With corporate fraud costing the offending stock’s shareholders 22% of the enterprise value, according to a 2014 academic study, how can investors identify stocks where fraud is a problem? Listen to employee’s anonymous ratings on the website Glassdoor, says a new study.


High job satisfaction leads to low corporate fraud instances

Glassdoor is a website that enables company employees to rate their employer, the work environment and the quality of executive management in an anonymous setting on a scale of 1 to 5.

Academics studied all entries from 2008 to 2015, including 1,112,476 employee ratings of 14,282 public firms.
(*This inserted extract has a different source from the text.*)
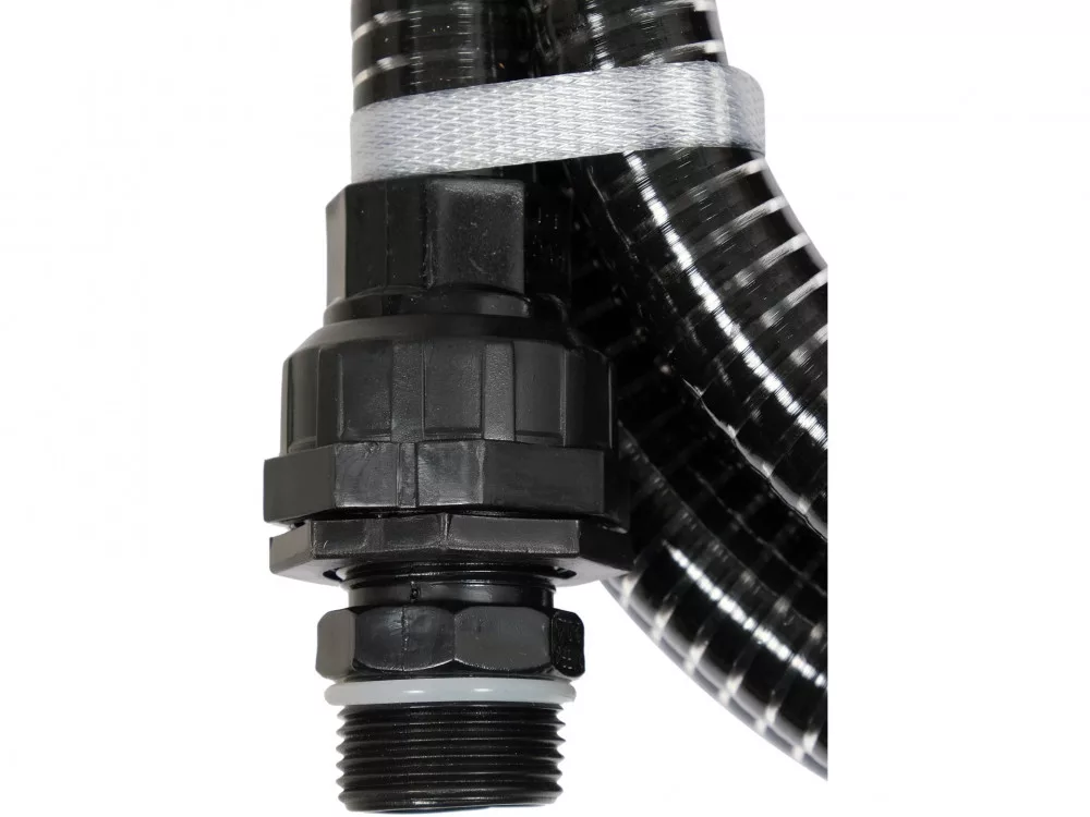 Rugalmas szívótömlő szivattyúkhoz és hidroforokhoz, visszacsapó szeleppel és törmelékkosárral.

The employee satisfaction ratings were cross-referenced with Securities and Exchange Commission fraud enforcement actions and securities class action lawsuits.
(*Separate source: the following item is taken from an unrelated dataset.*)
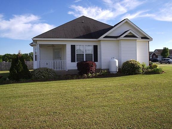 ALL INQUIRIES MUST BE MADE BY PHONE. Immaculate and inviting home, with 3 bedrooms, 2 Full baths and a 2-car garage. Located just off the new Russell Parkway ext. in the convenient and family friendly Trotters Ridge subdivision, this home boasts great school zones and is only minutes from restaurants and shopping (& within walking distance of Lake Joy Elementary and the new Walmart grocery!) This lovely home enjoys a roomy corner lot, an extended patio and covered back porch, plus a matching outdoor storage building that is wired and lighted with shelving installed. Enjoy volume ceilings in common areas and trey ceilings in all bedrooms. Master bath has both a garden tub and shower. Charming kitchen has bay windows, smooth top stove and a pantry. Full yard sprinkler system. Blinds throughout. Approx. 1460 sq. ft. Highly dependable landlord. No pets or indoor smoking allowed. Owner is a licensed Georgia Realtor.

In engaging in this work, academics Yuan Ji from The Hong Kong Polytechnic University, Oded Rozenbaum and and Kyle Welch from George Washington University – School of Business discovered correlations.
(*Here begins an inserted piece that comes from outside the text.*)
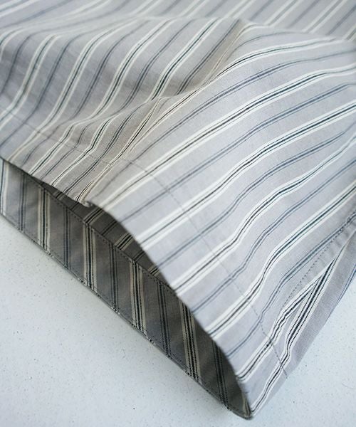 一見シンプルなデザインながらお召しいただくとパターンの良さが光るチュニックです。生地はjapan madeにこだわった張りのある縞柄です。ゆったりとしていながらも、すっきりとした衿ぐりとキレイに広がるシルエットです。袖口をロールアップして着ていただくのもおすすめです〇

The report, “Corporate Culture and Financial Reporting Risk: Looking Through the Glassdoor,” revealed that how employees viewed corporate climate was correlated to fraudulent behavior.

The report found that companies with higher ratings for job satisfaction, “culture and values,” senior leadership were less likely to be involved in SEC fraud enforcement or corporate fraud class action lawsuits.

“We find a direct relation between a lower rated culture and fraudulent financial reporting, as indicated by issuance of an Accounting and Auditing Enforcement Releases (AAER) by the Securities and Exchange Commission (SEC) and firm’s exposure to securities class action lawsuits,” the report noted.

The AAER says fraud can occur when an employee faces pressure to meet benchmarks, has an opportunity to commit fraud, and can rationalize doing so, which could include the potential for the fraud being investigated and prosecuted.

“We expect that firm culture is important in preventing fraud when firms have weaker corporate governance,” the authors wrote.

Glassdoor – How well-known companies in financial services rate

It wasn’t just fraud and corporate maleficence that correlates to job satisfaction – financial performance and hitting earnings estimates, key components for investors to measure, were also at play.

The report noted that satisfaction with corporate culture was negatively associated with abnormal accruals and the likelihood of a firm narrowly meeting or beating analysts’ EPS benchmarks.

“Consistent with our hypothesis, we find that the negative association between our measures of corporate culture and financial reporting is stronger for firms with weak board independence and firms with fewer financial experts in the audit committee,” the report opined.

Looking at the Glassdoor site, ValueWalk considered some of the more prominent names in the financial services industry today to provide relative value analysis.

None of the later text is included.